Memory leak and poor performance i PyROOT when adding arrays to vector

Dear ROOTers,

I just found out that the workaround I’ve been using for some time (until recently, PyROOT was not able to add the contents of multidimensional numpy arrays to a multidimensional std vector) is leaking memory.

It seems that something is not dereferenced after adding a list of array.array to a vector. While creating the test code below, I also discovered that the same problem applies to directly adding numpy arrays. There is no problem when adding pure 2D python lists. Also, in the case of big array in the example, array.array and numpy array cases are much slower than the pure list.

import numpy as np
import ROOT
import array

v = ROOT.vector("vector<double>")()

for i in range(1000):
	print(i)
	a = np.arange(200000*2, dtype=np.float64).reshape(200000,2)
	a = [list(array.array('d', el)) for el in a]
	#a = [array.array('d', el) for el in a]
	v.clear()
	v+=a

To test the code above, please compare running as is, with a = [list(array.array('d', el)) for el in a] commented or the previous commented and a = [array.array('d', el) for el in a] uncommented. The two latter versions should leak memory and be much slower than the former.

The leaking version after 9 iterations consumes here 2.2 GB, while non-leaking <500 KB.


ROOT Version: 6.30/04
Platform: Fedora 38


Dear @LeWhoo ,

Thanks for reaching out! Before going forward with debugging your issue, let me try to understand your problem a bit better.

until recently, PyROOT was not able to add the contents of multidimensional numpy arrays to a multidimensional std vector

To what feature are you referring to here exactly? Could you provide a snippet of code to show me what you mean?

It seems that something is not dereferenced after adding a list of array.array to a vector

I do not understand this statement, can you elaborate? What should be “dereferenced” in your opinion?
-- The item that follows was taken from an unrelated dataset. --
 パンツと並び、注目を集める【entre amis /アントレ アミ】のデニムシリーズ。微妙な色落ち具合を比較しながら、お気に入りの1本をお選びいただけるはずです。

What is the use case you are trying to solve here? Why do you need to append a type array.array into a type ROOT.std.vector[ROOT.std.vector["double"]]? What would happen in your application after this step?

Cheers,
Vincenzo

It is described in this topic:

and there was a ticket for it. If you want I can try to find it. Basically, initialising or += of a numpy >=2D array to a vector crashed. Seems to be fixed now, at least for 2D numpy arrays. Haven’t tried for 3D yet.
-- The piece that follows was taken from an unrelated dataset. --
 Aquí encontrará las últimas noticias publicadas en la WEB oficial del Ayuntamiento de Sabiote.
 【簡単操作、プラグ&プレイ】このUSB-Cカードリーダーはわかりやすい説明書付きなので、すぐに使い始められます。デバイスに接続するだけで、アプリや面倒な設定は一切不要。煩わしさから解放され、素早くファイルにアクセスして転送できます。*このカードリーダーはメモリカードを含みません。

I understand, that the garbage collector in Python cleans up object to which there are (nearly) no references. Here, clearly, there is a memory leak, so something is not cleaned by garbage collector, and I have a feeling that the contents of the array.array are copied inside the vector, but somehow the array.array object is being held after this copying, not derefrenced.

This is also described in the post I quote at the beginning. Basically, std vector was not accepting numpy arrays with types such as uint32. It was crashing. It was, however, accepting array.array types. Thus in this line I use array.array to convert numpy array to something acceptable by ROOT std vector, as a workaround. In this example I’ve given a double which I think worked OK, but in my code I deal with unsigned ints or unsigned shorts, which were crashing. Perhaps this conversion is working well now (I need to check), but it was not at the moment of writing the post that I refer to. Anyway, thanks to this workaround, I discovered the reported memory leak and slowdown.

I confirm the bug also exists in ROOT 6.36.06.

It is a critical bug for my collaboration. It basically prevents filling of big TTrees with ND vectors from PyROOT:

  1. Memory leak kills the system when using numpy array or array.array
  2. list of lists does not work for types such as unsigned short

No PyROOT workaround comes to my mind. I’ll try to write some kind of a vector filler in C++ to be called from PyROOT. I hope it is possible.

Should I report the problem as a ROOT bug?